*Task description*. Reproduce the whole listing exactly and let no picture into the copy.

*Data shown*.

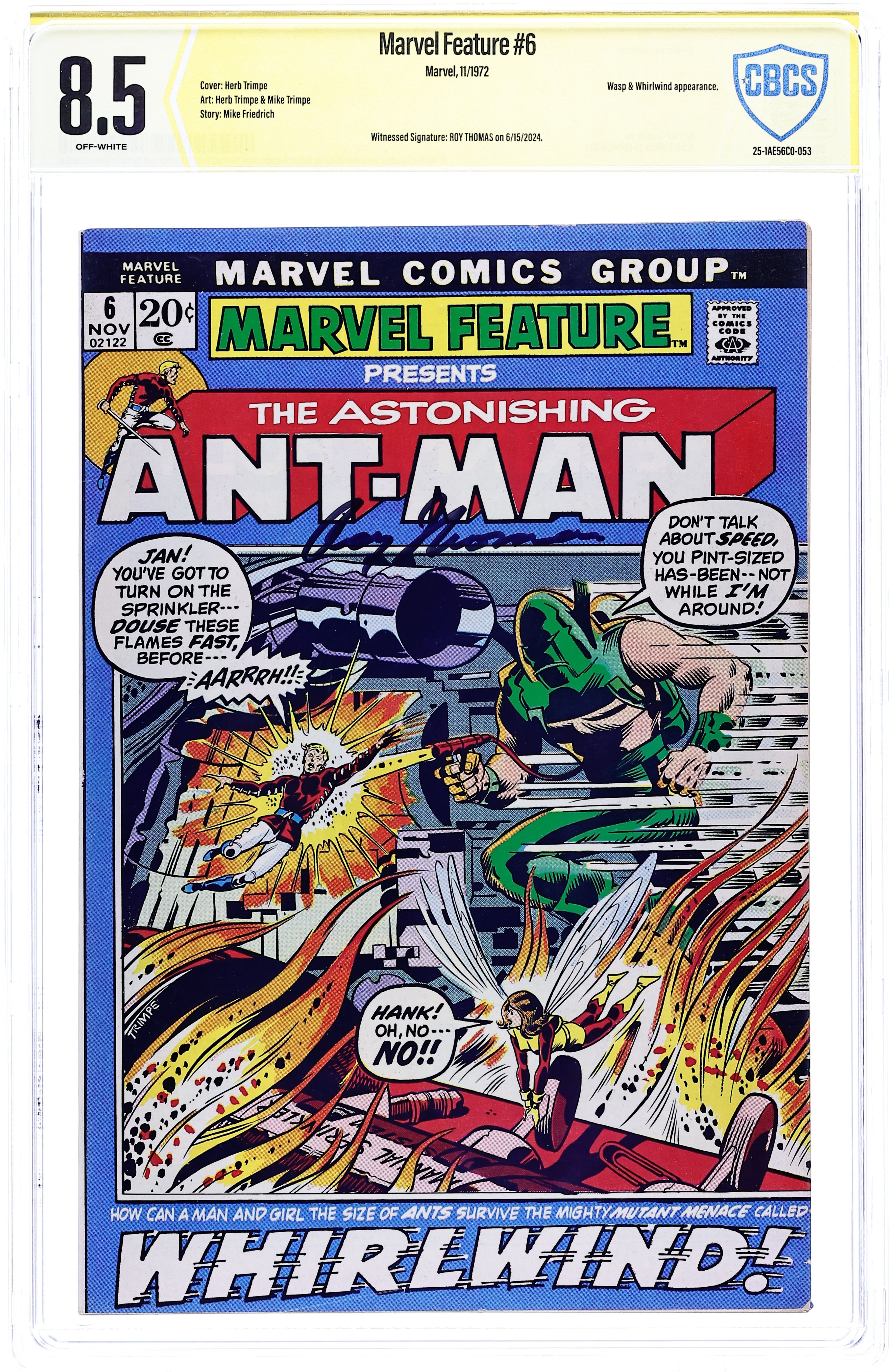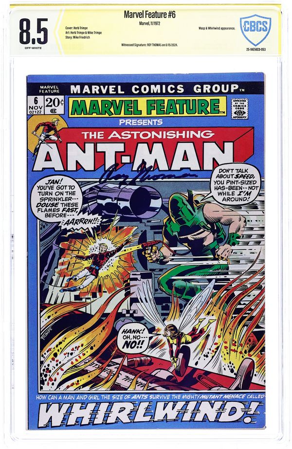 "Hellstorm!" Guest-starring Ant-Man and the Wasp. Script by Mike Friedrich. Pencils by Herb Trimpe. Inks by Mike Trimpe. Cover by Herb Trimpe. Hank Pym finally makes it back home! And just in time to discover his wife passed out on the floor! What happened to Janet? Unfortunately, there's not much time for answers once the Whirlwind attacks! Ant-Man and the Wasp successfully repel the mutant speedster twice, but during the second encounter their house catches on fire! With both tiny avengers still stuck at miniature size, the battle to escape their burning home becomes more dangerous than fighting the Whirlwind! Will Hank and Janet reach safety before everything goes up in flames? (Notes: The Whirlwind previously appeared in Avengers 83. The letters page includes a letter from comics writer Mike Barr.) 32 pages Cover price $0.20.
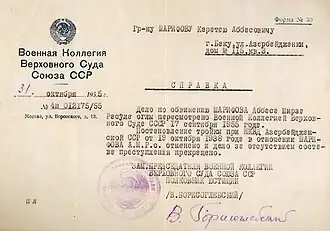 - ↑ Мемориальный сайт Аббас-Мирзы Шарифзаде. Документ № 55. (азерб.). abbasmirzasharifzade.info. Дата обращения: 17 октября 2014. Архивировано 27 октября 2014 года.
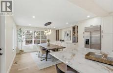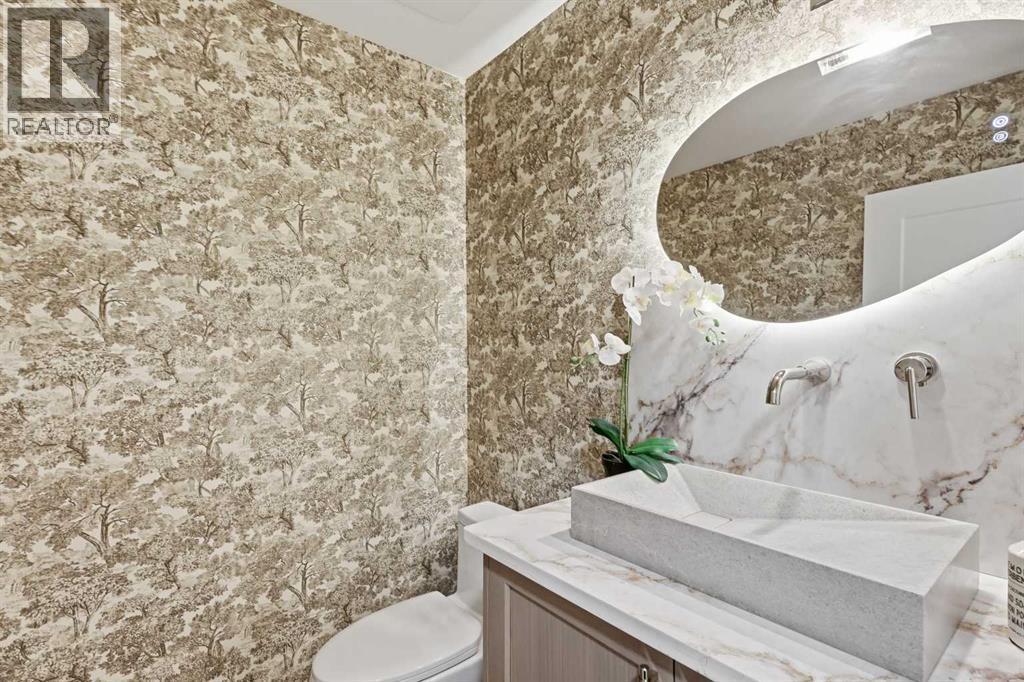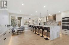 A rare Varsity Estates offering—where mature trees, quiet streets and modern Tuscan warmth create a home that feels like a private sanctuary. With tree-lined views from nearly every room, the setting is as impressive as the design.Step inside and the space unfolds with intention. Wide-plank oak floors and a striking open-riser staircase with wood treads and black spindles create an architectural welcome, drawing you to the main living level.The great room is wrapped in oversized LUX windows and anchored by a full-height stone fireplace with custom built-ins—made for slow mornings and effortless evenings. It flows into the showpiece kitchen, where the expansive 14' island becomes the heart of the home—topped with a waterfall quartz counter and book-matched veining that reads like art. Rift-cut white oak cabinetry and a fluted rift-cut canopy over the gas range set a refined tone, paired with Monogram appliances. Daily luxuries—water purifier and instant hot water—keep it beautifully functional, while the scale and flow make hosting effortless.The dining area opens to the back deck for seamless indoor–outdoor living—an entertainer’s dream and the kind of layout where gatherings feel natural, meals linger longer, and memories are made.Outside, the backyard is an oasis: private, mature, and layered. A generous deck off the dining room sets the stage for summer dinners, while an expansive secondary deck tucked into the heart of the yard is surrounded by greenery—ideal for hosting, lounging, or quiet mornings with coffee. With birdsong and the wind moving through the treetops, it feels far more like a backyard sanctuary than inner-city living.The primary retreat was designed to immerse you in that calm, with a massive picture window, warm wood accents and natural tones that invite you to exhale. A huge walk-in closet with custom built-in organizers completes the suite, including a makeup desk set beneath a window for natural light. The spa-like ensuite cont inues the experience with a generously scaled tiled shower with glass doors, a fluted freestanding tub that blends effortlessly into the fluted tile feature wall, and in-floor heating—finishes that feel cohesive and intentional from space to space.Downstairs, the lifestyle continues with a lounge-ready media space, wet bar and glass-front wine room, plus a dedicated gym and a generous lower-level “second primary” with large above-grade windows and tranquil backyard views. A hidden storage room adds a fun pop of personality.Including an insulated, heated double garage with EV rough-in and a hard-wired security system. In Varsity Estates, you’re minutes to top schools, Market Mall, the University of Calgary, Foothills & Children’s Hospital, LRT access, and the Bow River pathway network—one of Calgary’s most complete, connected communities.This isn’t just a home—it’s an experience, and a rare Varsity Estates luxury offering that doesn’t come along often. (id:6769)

*Completed task*.
 "Hellstorm!" Guest-starring Ant-Man and the Wasp. Script by Mike Friedrich. Pencils by Herb Trimpe. Inks by Mike Trimpe. Cover by Herb Trimpe. Hank Pym finally makes it back home! And just in time to discover his wife passed out on the floor! What happened to Janet? Unfortunately, there's not much time for answers once the Whirlwind attacks! Ant-Man and the Wasp successfully repel the mutant speedster twice, but during the second encounter their house catches on fire! With both tiny avengers still stuck at miniature size, the battle to escape their burning home becomes more dangerous than fighting the Whirlwind! Will Hank and Janet reach safety before everything goes up in flames? (Notes: The Whirlwind previously appeared in Avengers 83. The letters page includes a letter from comics writer Mike Barr.) 32 pages Cover price $0.20.
 - ↑ Мемориальный сайт Аббас-Мирзы Шарифзаде. Документ № 55. (азерб.). abbasmirzasharifzade.info. Дата обращения: 17 октября 2014. Архивировано 27 октября 2014 года.
 A rare Varsity Estates offering—where mature trees, quiet streets and modern Tuscan warmth create a home that feels like a private sanctuary. With tree-lined views from nearly every room, the setting is as impressive as the design.Step inside and the space unfolds with intention. Wide-plank oak floors and a striking open-riser staircase with wood treads and black spindles create an architectural welcome, drawing you to the main living level.The great room is wrapped in oversized LUX windows and anchored by a full-height stone fireplace with custom built-ins—made for slow mornings and effortless evenings. It flows into the showpiece kitchen, where the expansive 14' island becomes the heart of the home—topped with a waterfall quartz counter and book-matched veining that reads like art. Rift-cut white oak cabinetry and a fluted rift-cut canopy over the gas range set a refined tone, paired with Monogram appliances. Daily luxuries—water purifier and instant hot water—keep it beautifully functional, while the scale and flow make hosting effortless.The dining area opens to the back deck for seamless indoor–outdoor living—an entertainer’s dream and the kind of layout where gatherings feel natural, meals linger longer, and memories are made.Outside, the backyard is an oasis: private, mature, and layered. A generous deck off the dining room sets the stage for summer dinners, while an expansive secondary deck tucked into the heart of the yard is surrounded by greenery—ideal for hosting, lounging, or quiet mornings with coffee. With birdsong and the wind moving through the treetops, it feels far more like a backyard sanctuary than inner-city living.The primary retreat was designed to immerse you in that calm, with a massive picture window, warm wood accents and natural tones that invite you to exhale. A huge walk-in closet with custom built-in organizers completes the suite, including a makeup desk set beneath a window for natural light. The spa-like ensuite cont inues the experience with a generously scaled tiled shower with glass doors, a fluted freestanding tub that blends effortlessly into the fluted tile feature wall, and in-floor heating—finishes that feel cohesive and intentional from space to space.Downstairs, the lifestyle continues with a lounge-ready media space, wet bar and glass-front wine room, plus a dedicated gym and a generous lower-level “second primary” with large above-grade windows and tranquil backyard views. A hidden storage room adds a fun pop of personality.Including an insulated, heated double garage with EV rough-in and a hard-wired security system. In Varsity Estates, you’re minutes to top schools, Market Mall, the University of Calgary, Foothills & Children’s Hospital, LRT access, and the Bow River pathway network—one of Calgary’s most complete, connected communities.This isn’t just a home—it’s an experience, and a rare Varsity Estates luxury offering that doesn’t come along often. (id:6769)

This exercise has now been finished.